» **Exercise description**
Return the whole listing exactly, omitting the pictures.

» **Supplied material**
----

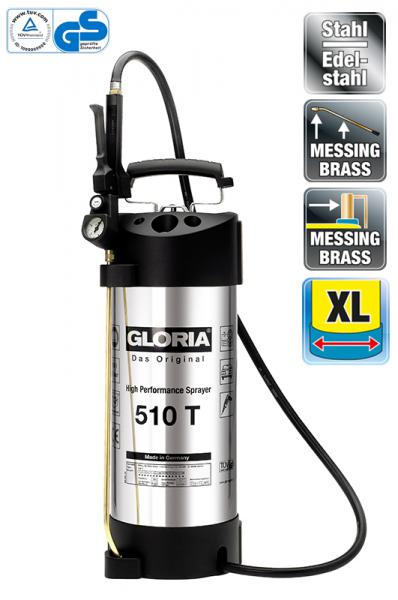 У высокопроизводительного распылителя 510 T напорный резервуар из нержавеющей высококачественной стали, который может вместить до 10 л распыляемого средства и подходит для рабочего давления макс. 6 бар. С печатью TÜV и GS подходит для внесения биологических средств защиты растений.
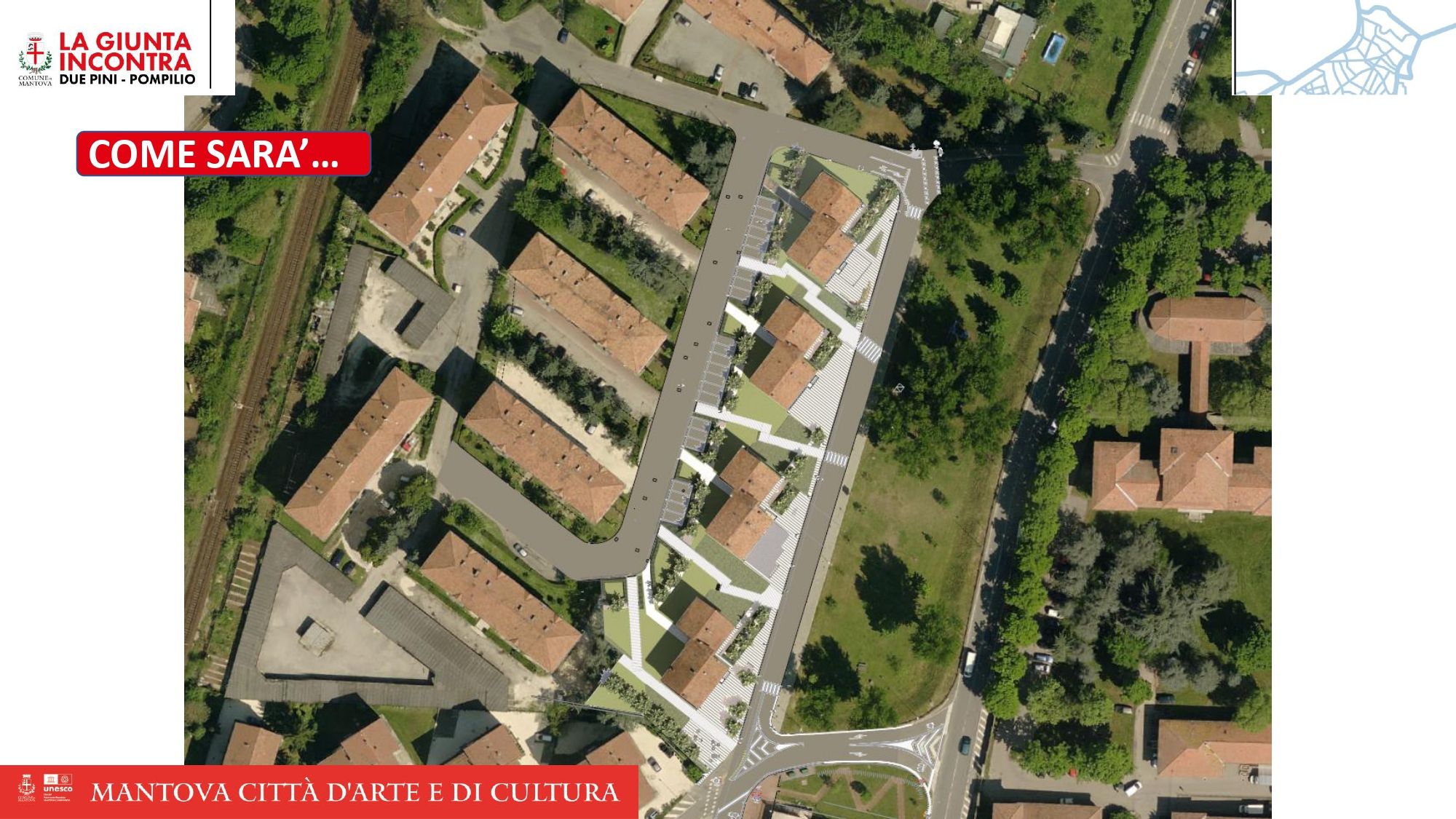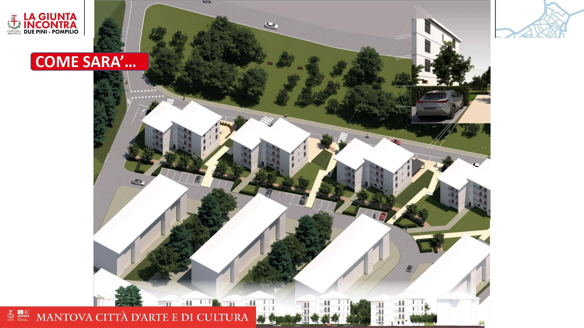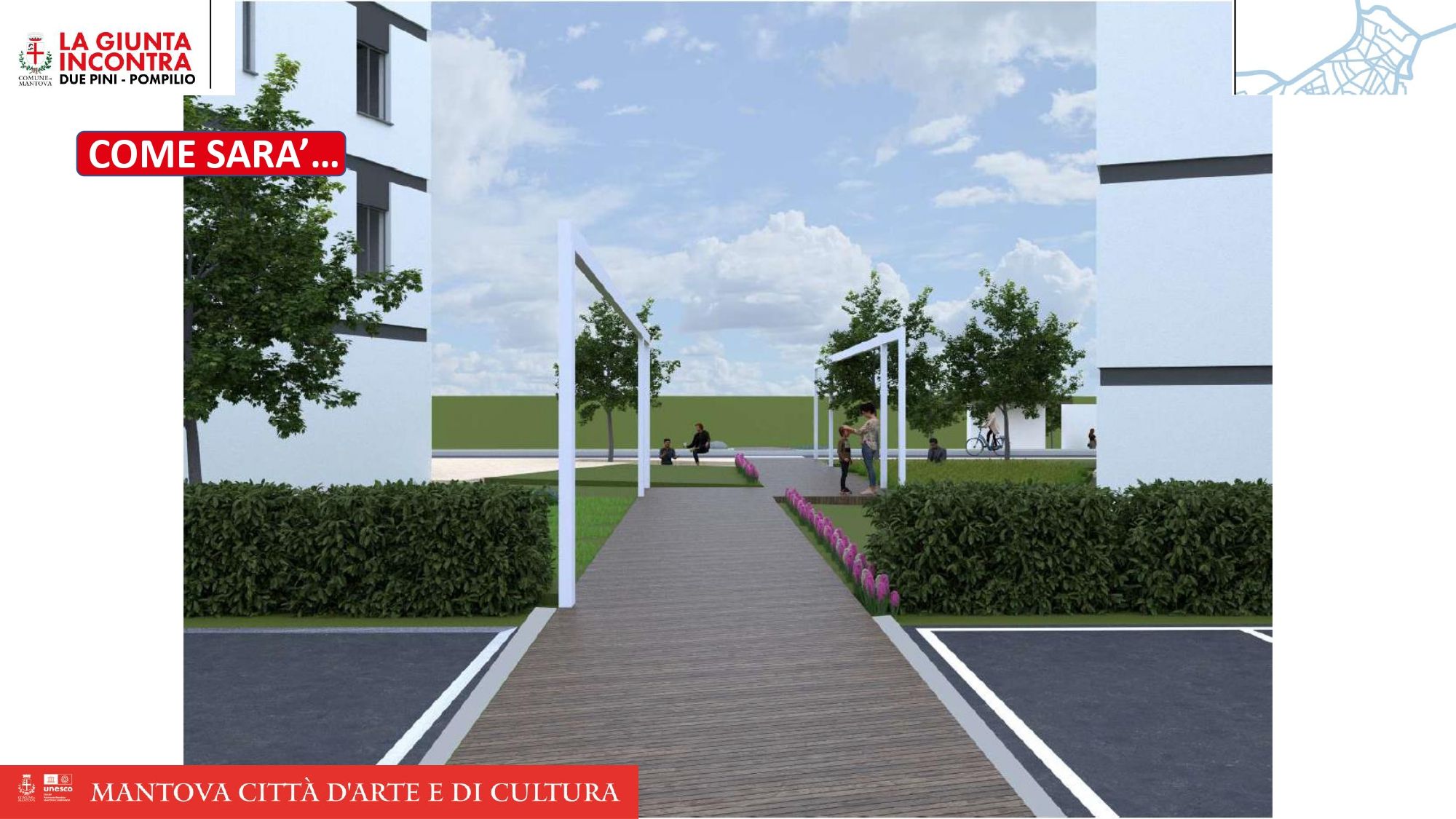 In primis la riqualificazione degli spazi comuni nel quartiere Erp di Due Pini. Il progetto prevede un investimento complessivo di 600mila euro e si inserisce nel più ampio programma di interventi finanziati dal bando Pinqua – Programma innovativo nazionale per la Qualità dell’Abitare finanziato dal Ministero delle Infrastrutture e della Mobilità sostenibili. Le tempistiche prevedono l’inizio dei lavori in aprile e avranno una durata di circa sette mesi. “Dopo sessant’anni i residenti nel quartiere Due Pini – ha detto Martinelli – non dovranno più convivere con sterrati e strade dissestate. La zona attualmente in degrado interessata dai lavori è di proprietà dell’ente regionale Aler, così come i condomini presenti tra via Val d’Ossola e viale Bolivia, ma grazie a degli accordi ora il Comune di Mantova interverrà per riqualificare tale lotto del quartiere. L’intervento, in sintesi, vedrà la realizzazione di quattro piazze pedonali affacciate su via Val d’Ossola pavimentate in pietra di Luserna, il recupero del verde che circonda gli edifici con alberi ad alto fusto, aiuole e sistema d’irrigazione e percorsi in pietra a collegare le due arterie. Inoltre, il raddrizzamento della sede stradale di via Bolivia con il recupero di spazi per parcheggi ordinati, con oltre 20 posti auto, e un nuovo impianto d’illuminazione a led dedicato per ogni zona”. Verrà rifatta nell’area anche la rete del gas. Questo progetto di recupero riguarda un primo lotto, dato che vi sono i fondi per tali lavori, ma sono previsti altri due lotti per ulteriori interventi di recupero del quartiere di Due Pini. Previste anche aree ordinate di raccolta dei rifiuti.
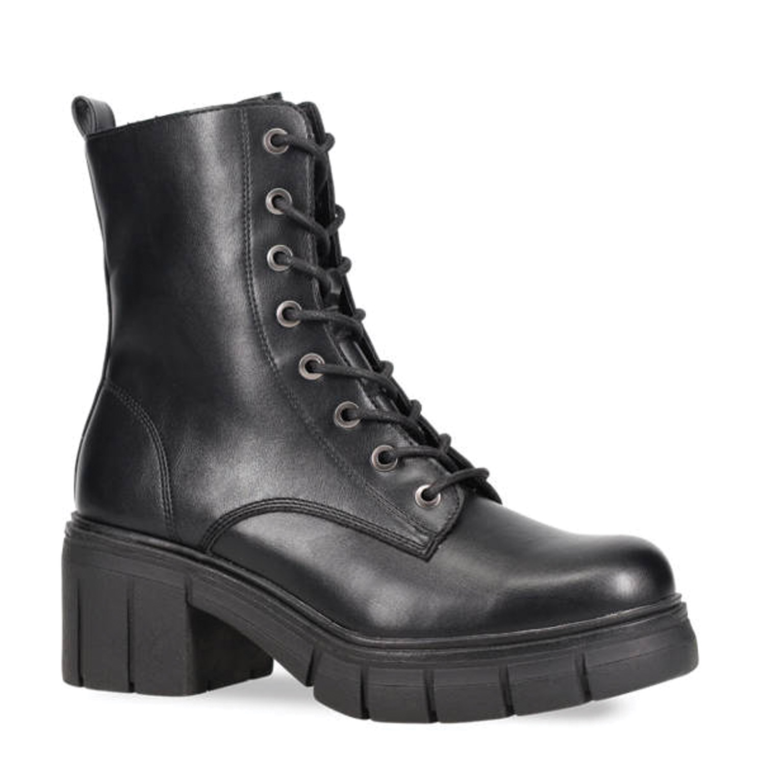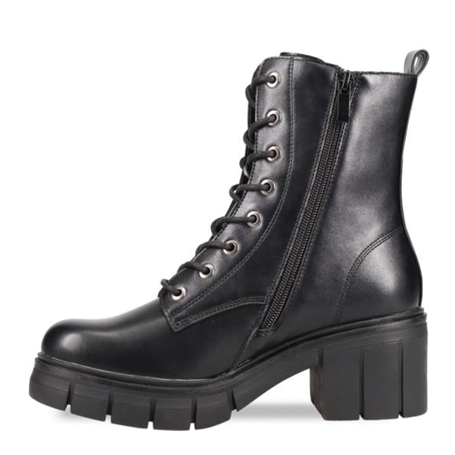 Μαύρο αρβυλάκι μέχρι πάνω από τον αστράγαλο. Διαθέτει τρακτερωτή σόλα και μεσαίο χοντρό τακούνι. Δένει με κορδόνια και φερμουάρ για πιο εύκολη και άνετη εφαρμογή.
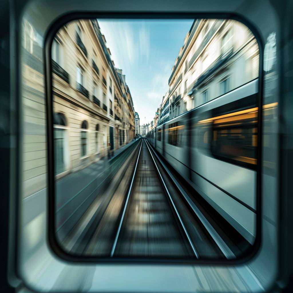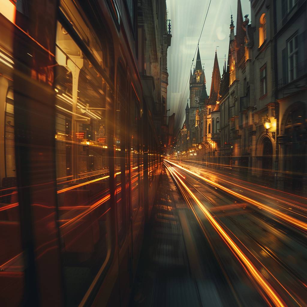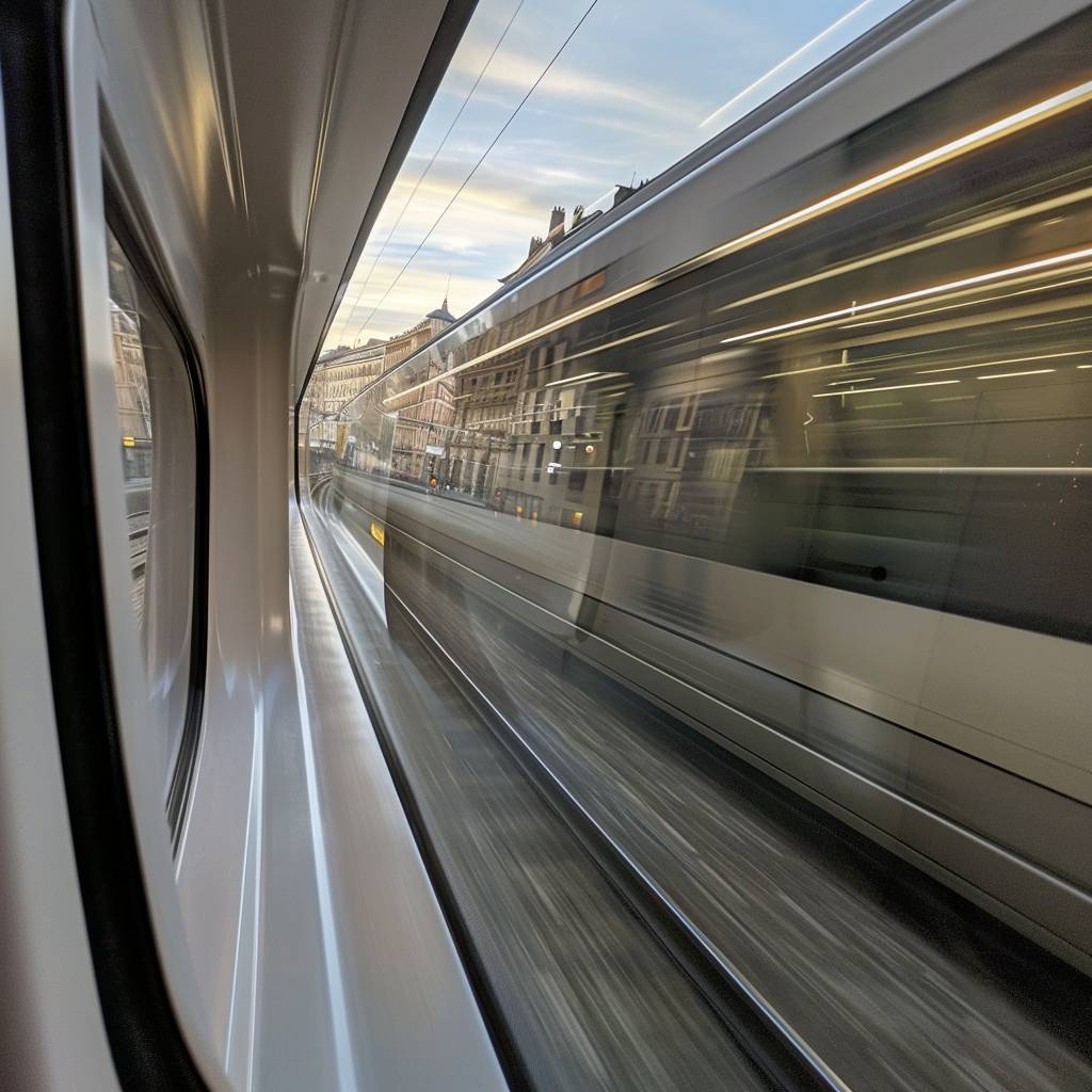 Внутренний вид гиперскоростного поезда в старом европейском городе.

----

» **Result of this task**
 У высокопроизводительного распылителя 510 T напорный резервуар из нержавеющей высококачественной стали, который может вместить до 10 л распыляемого средства и подходит для рабочего давления макс. 6 бар. С печатью TÜV и GS подходит для внесения биологических средств защиты растений.
 In primis la riqualificazione degli spazi comuni nel quartiere Erp di Due Pini. Il progetto prevede un investimento complessivo di 600mila euro e si inserisce nel più ampio programma di interventi finanziati dal bando Pinqua – Programma innovativo nazionale per la Qualità dell’Abitare finanziato dal Ministero delle Infrastrutture e della Mobilità sostenibili. Le tempistiche prevedono l’inizio dei lavori in aprile e avranno una durata di circa sette mesi. “Dopo sessant’anni i residenti nel quartiere Due Pini – ha detto Martinelli – non dovranno più convivere con sterrati e strade dissestate. La zona attualmente in degrado interessata dai lavori è di proprietà dell’ente regionale Aler, così come i condomini presenti tra via Val d’Ossola e viale Bolivia, ma grazie a degli accordi ora il Comune di Mantova interverrà per riqualificare tale lotto del quartiere. L’intervento, in sintesi, vedrà la realizzazione di quattro piazze pedonali affacciate su via Val d’Ossola pavimentate in pietra di Luserna, il recupero del verde che circonda gli edifici con alberi ad alto fusto, aiuole e sistema d’irrigazione e percorsi in pietra a collegare le due arterie. Inoltre, il raddrizzamento della sede stradale di via Bolivia con il recupero di spazi per parcheggi ordinati, con oltre 20 posti auto, e un nuovo impianto d’illuminazione a led dedicato per ogni zona”. Verrà rifatta nell’area anche la rete del gas. Questo progetto di recupero riguarda un primo lotto, dato che vi sono i fondi per tali lavori, ma sono previsti altri due lotti per ulteriori interventi di recupero del quartiere di Due Pini. Previste anche aree ordinate di raccolta dei rifiuti.
 Μαύρο αρβυλάκι μέχρι πάνω από τον αστράγαλο. Διαθέτει τρακτερωτή σόλα και μεσαίο χοντρό τακούνι. Δένει με κορδόνια και φερμουάρ για πιο εύκολη και άνετη εφαρμογή.
 Внутренний вид гиперскоростного поезда в старом европейском городе.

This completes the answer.